COMMISSAIRE À LA PAIX ET À LA SÉCURITÉ DE L’UNION AFRICAINE

 

 

S.E. Monsieur le co-Président, le Ministre Basile Ikouebe de la République du Congo,

Monsieur le Premier ministre de la République centrafricaine,

Mesdames et Messieurs les Ministres et autres chefs de délégation,

Mesdames et Messieurs, 

Nous voilà de nouveau réunis dans le cadre du Groupe international de contact sur la République centrafricaine, pour examiner l’évolution de la situation dans ce pays et les efforts déployés pour mener à bien la transition en cours. Par-delà le bilan – forcément contrasté, compte tenu de la complexité des défis à relever – que nous aurons à dresser, il s’agira aussi de s’accorder sur les prochaines étapes de notre action collective en appui au Gouvernement et aux acteurs centrafricains, pour le retour à l’ordre constitutionnel dans les délais impartis.

Au nom de la Présidente de la Commission de l’Union africaine, Dr Nkosazana Dlamini-Zuma, et en mon nom propre, je voudrais vous remercier tous pour avoir bien voulu répondre à l’invitation des co-Présidents du Groupe, à savoir l’Union africaine et la République du Congo. Cette présence ministérielle importante est un puissant message de l’Afrique à l’endroit des Centrafricains pour les assurer de sa détermination à les accompagner afin de trouver une solution durable à la crise qui affecte leur pays. 

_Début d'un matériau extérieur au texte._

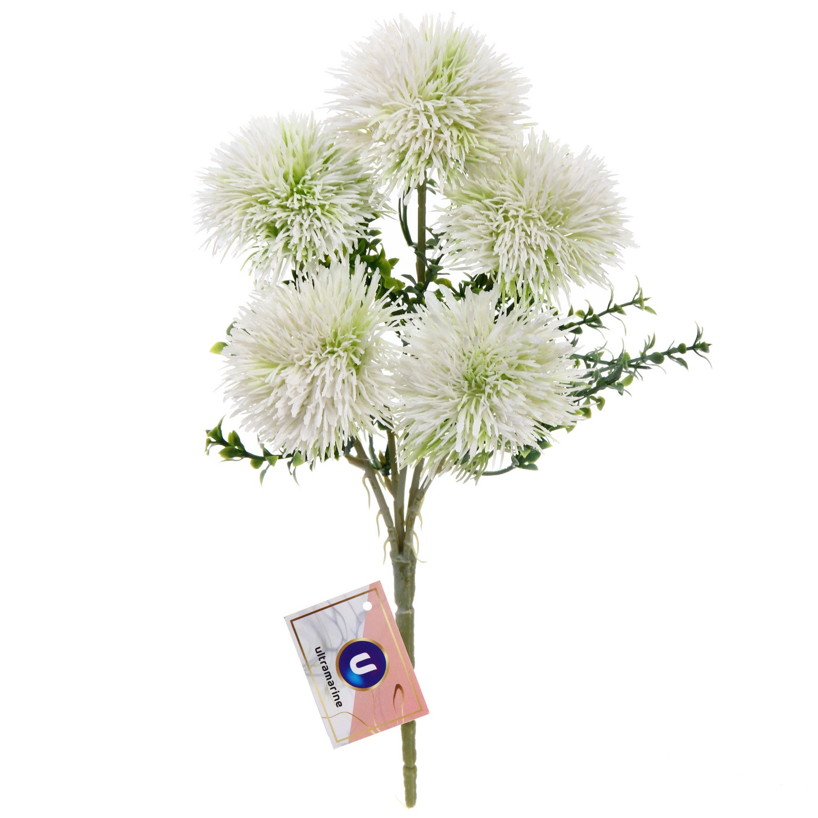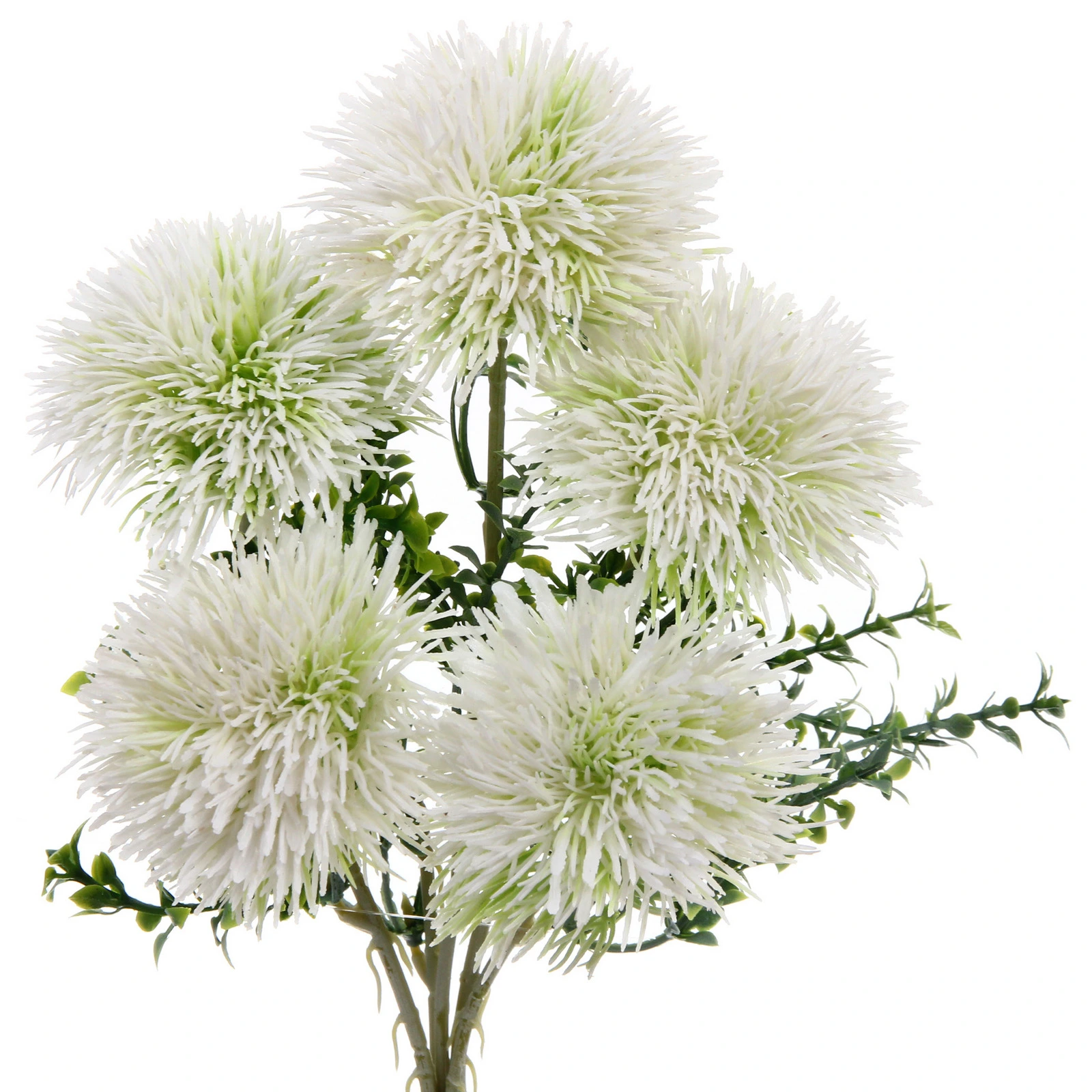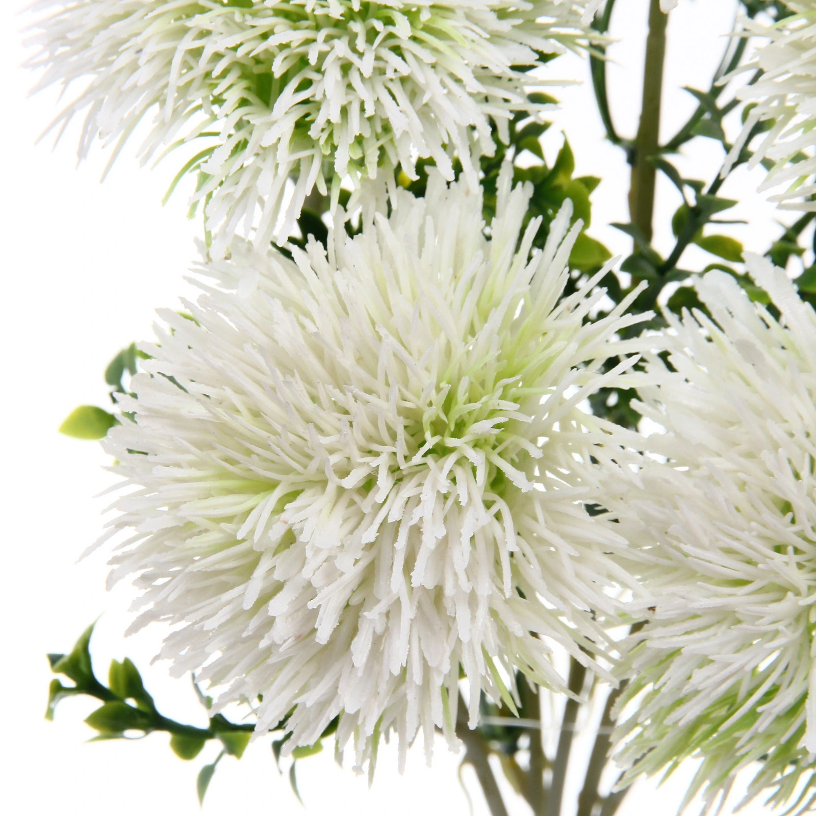- Правдоподобная красота: Каждый цветок искусно воспроизводит натуральный одуванчик — от формы пушистого шара до плавного перехода от белого к светло-зелёному в сердцевине и зелёных зазубренных листьев.

C’est le lieu de réitérer notre profonde gratitude au Président Denis Sassou Nguesso, pour les efforts remarquables qu’il n’a de cesse de déployer pour le retour de la paix et de la stabilité en République centrafricaine. Le fait que Brazzaville nous accueille aujourd’hui est, encore une fois, la preuve de son engagement personnel et de celui de son pays en faveur de la cause de la paix, de la sécurité et de la réconciliation en République centrafricaine. 

La gratitude de l’Union africaine va également au Président Idriss Déby Itno, en sa qualité de Président en exercice de la Communauté économique des États de l’Afrique centrale. En effet, le Président Déby Itno et ses autres homologues de la région continuent de faire preuve d’un engagement exemplaire. Ni la récurrence de crises en République centrafricaine, ni l’ampleur des sacrifices à consentir n’ont pu entamer leur détermination, attachés qu’ils sont à la solidarité panafricaine et conscients de l’indivisibilité de la paix et de la sécurité dans la région et sur le continent.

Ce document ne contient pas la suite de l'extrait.